Try it → Repeat the data that follows verbatim. Images are not part of the copy.

Entries taken from a collection →
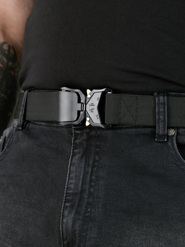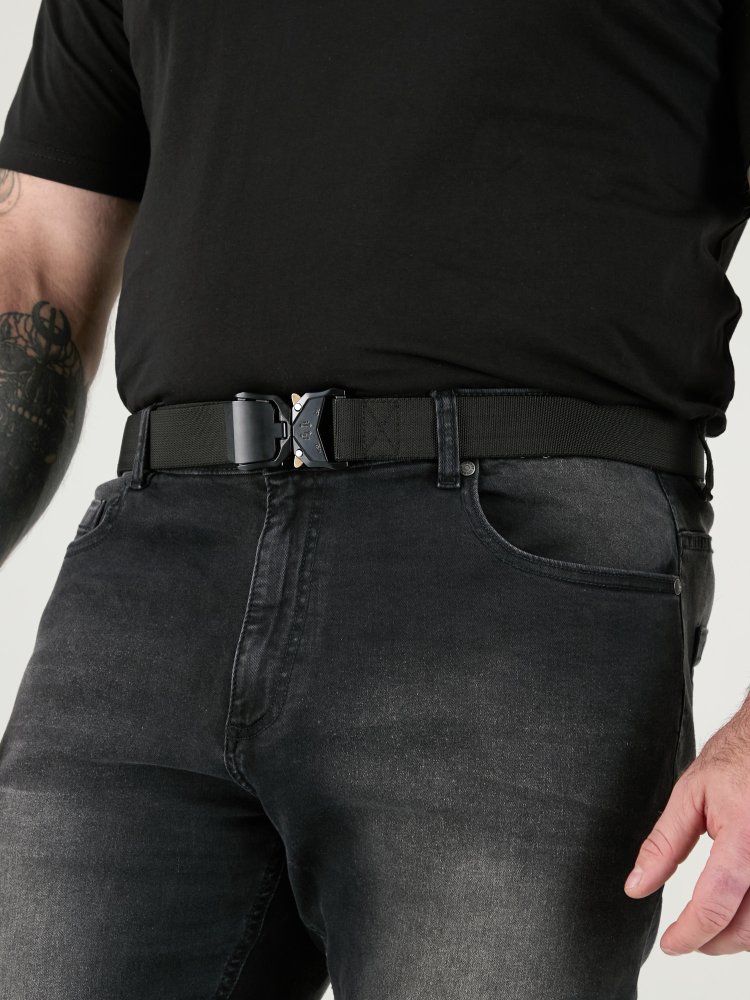 D555 Tactical Military Style Stretch Webbing Belt With Heavy Duty Quick Release Buckle. The belt is made of 100% polyester material, which makes it strong, durable, and resistant to wear and tear. The webbing is thick, making the belt ideal for everyday wear or for outdoor activities. Available in Black.
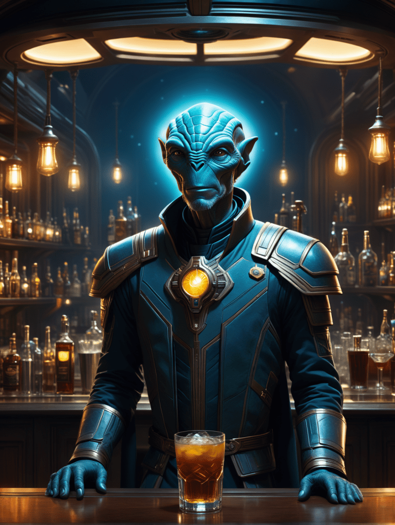 Felix, running the social bar, is always ready with a drink and a story. Serving as a morale officer during the Orion Wars, Felix provides comfort and companionship to the weary. His bar is a sanctuary filled with tales of heroism and loss, his cheerful demeanor masking personal sacrifices and heartache.
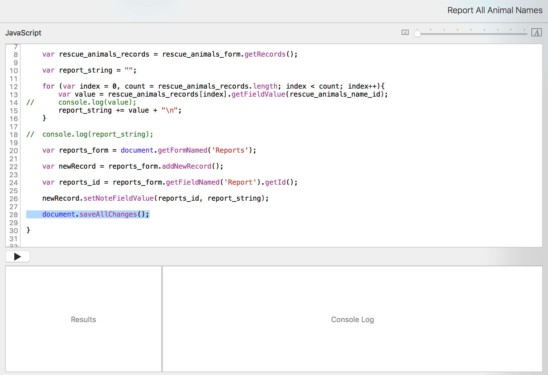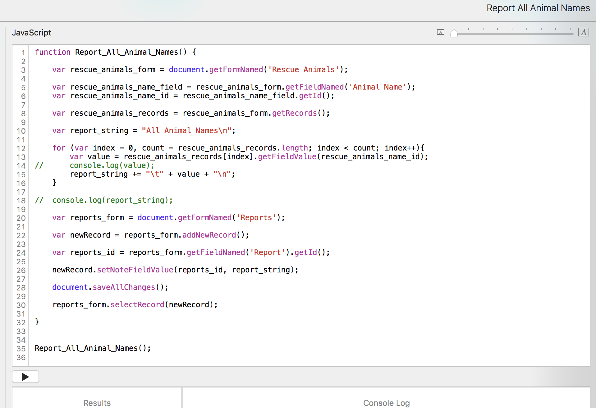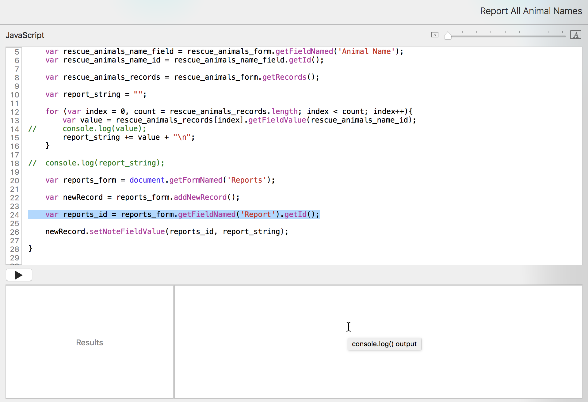 Now that we have that list of animal names, we want to put it into the Reports form. We don't want to have to open the console constantly to see the information. We just want to run the script from the pulldown menu and have it open to the report record.
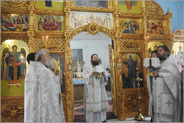 На мирной и сугубой ектениях были вознесены молитвы о Российском воинстве и о мире. На службе возносились заупокойные прошения.
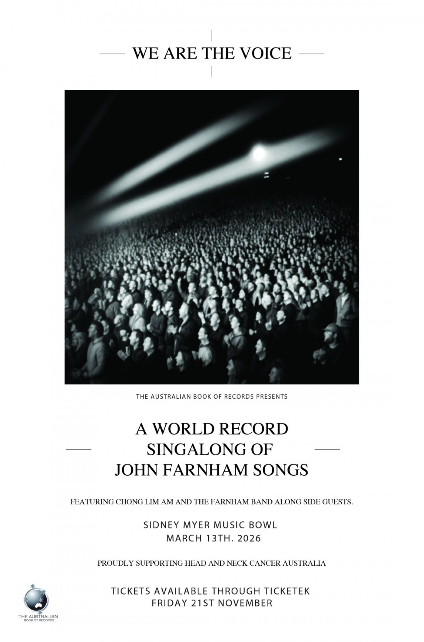 The Australian Book of Records today announces the full performer lineup for We Are The Voice, an unforgettable world record singalong event celebrating the music of John Farnham, set to take place at Sidney Myer Music Bowl on Friday 13 March 2026.
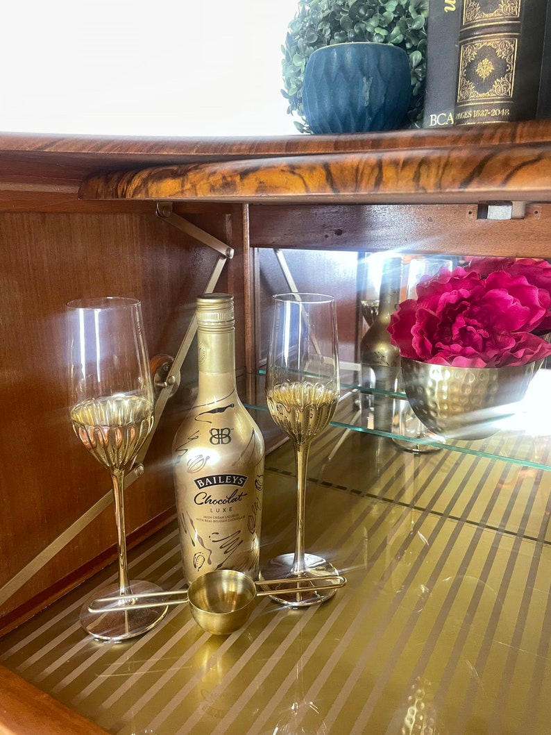 Make your drinks in style by pulling down the cocktail cabinet door using the original hardware (which has been respected gold) and feast your eyes on one of the beautiful Beautility features, the gold striped glass base, this is reflected in the rear mirror also. At the rear is an additional small shelf to hold those small glasses.
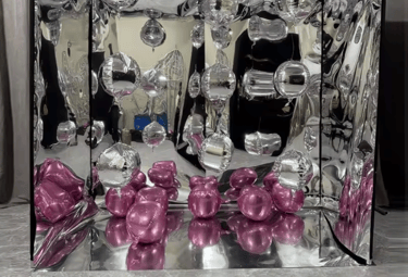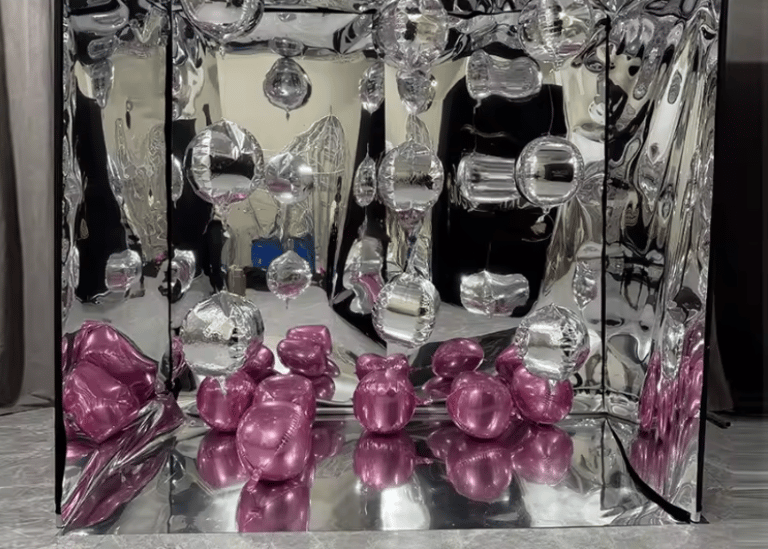 Capture unforgettable moments in our mirrored cube filled with vibrant balloons for stunning photos.
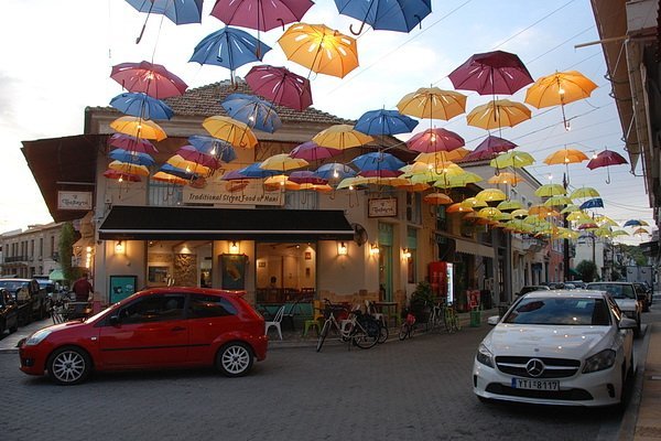Цялата улица е с шарени чадъри:
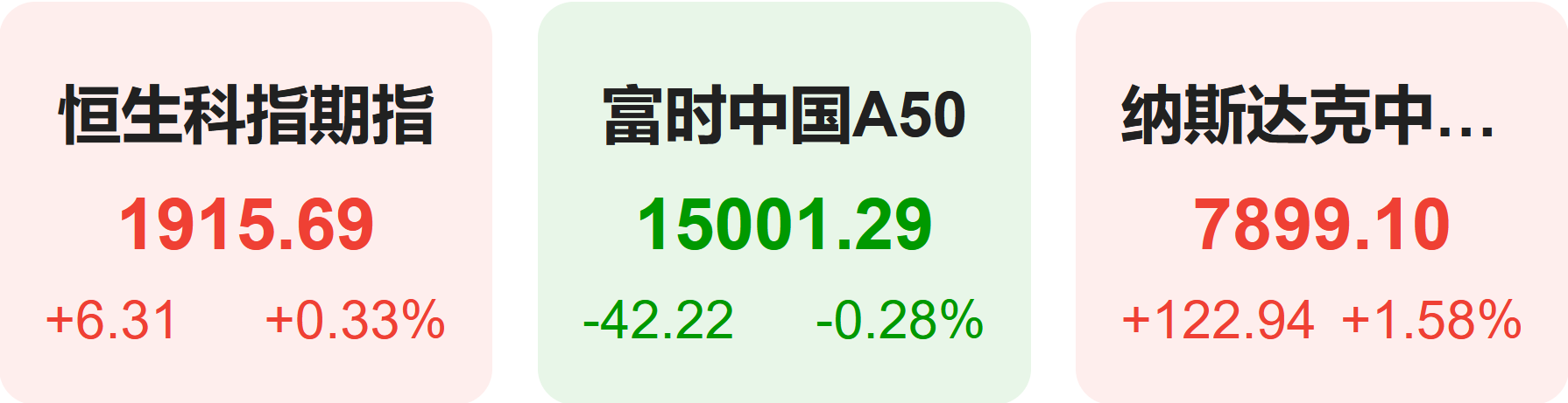 1月22日,隔夜恒生科技指数期货上涨0.33%,纳斯达克中国金龙指数上涨1.58%,富时中国A50指数下跌0.28%。
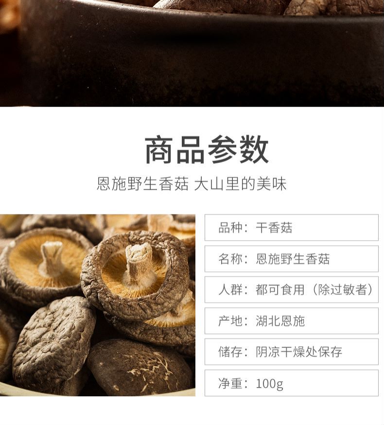【严选】【金新农】【野生香菇 干度适中 炖汤炒菜美味干货】恩施耘丰鑫品干香菇100g/袋 (厂家直发)
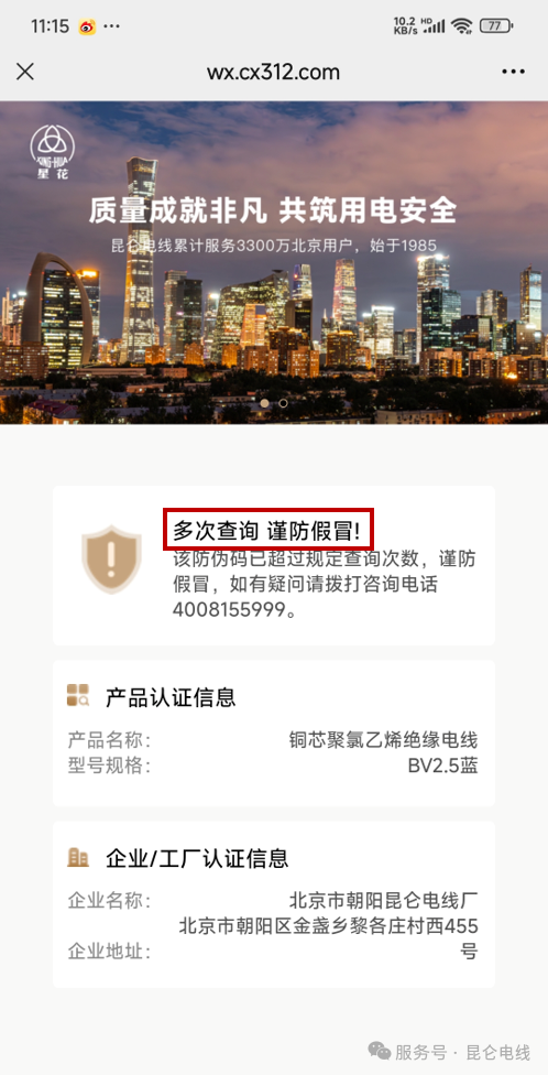 用户刮开防伪码后扫码,如果显示【多次查询 谨防假冒】,则为假冒“星花”牌昆仑电线,如下图所示:
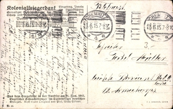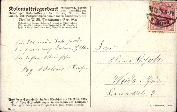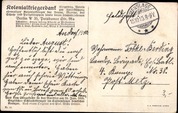 Zustand, siehe Scan, gelaufen, 1915 - ca 14 cm X 9 cm

Response area →
 D555 Tactical Military Style Stretch Webbing Belt With Heavy Duty Quick Release Buckle. The belt is made of 100% polyester material, which makes it strong, durable, and resistant to wear and tear. The webbing is thick, making the belt ideal for everyday wear or for outdoor activities. Available in Black.
 Felix, running the social bar, is always ready with a drink and a story. Serving as a morale officer during the Orion Wars, Felix provides comfort and companionship to the weary. His bar is a sanctuary filled with tales of heroism and loss, his cheerful demeanor masking personal sacrifices and heartache.
 Now that we have that list of animal names, we want to put it into the Reports form. We don't want to have to open the console constantly to see the information. We just want to run the script from the pulldown menu and have it open to the report record.
 На мирной и сугубой ектениях были вознесены молитвы о Российском воинстве и о мире. На службе возносились заупокойные прошения.
 The Australian Book of Records today announces the full performer lineup for We Are The Voice, an unforgettable world record singalong event celebrating the music of John Farnham, set to take place at Sidney Myer Music Bowl on Friday 13 March 2026.
 Make your drinks in style by pulling down the cocktail cabinet door using the original hardware (which has been respected gold) and feast your eyes on one of the beautiful Beautility features, the gold striped glass base, this is reflected in the rear mirror also. At the rear is an additional small shelf to hold those small glasses.
 Capture unforgettable moments in our mirrored cube filled with vibrant balloons for stunning photos.
Цялата улица е с шарени чадъри:
 1月22日,隔夜恒生科技指数期货上涨0.33%,纳斯达克中国金龙指数上涨1.58%,富时中国A50指数下跌0.28%。
【严选】【金新农】【野生香菇 干度适中 炖汤炒菜美味干货】恩施耘丰鑫品干香菇100g/袋 (厂家直发)
 用户刮开防伪码后扫码,如果显示【多次查询 谨防假冒】,则为假冒“星花”牌昆仑电线,如下图所示:
 Zustand, siehe Scan, gelaufen, 1915 - ca 14 cm X 9 cm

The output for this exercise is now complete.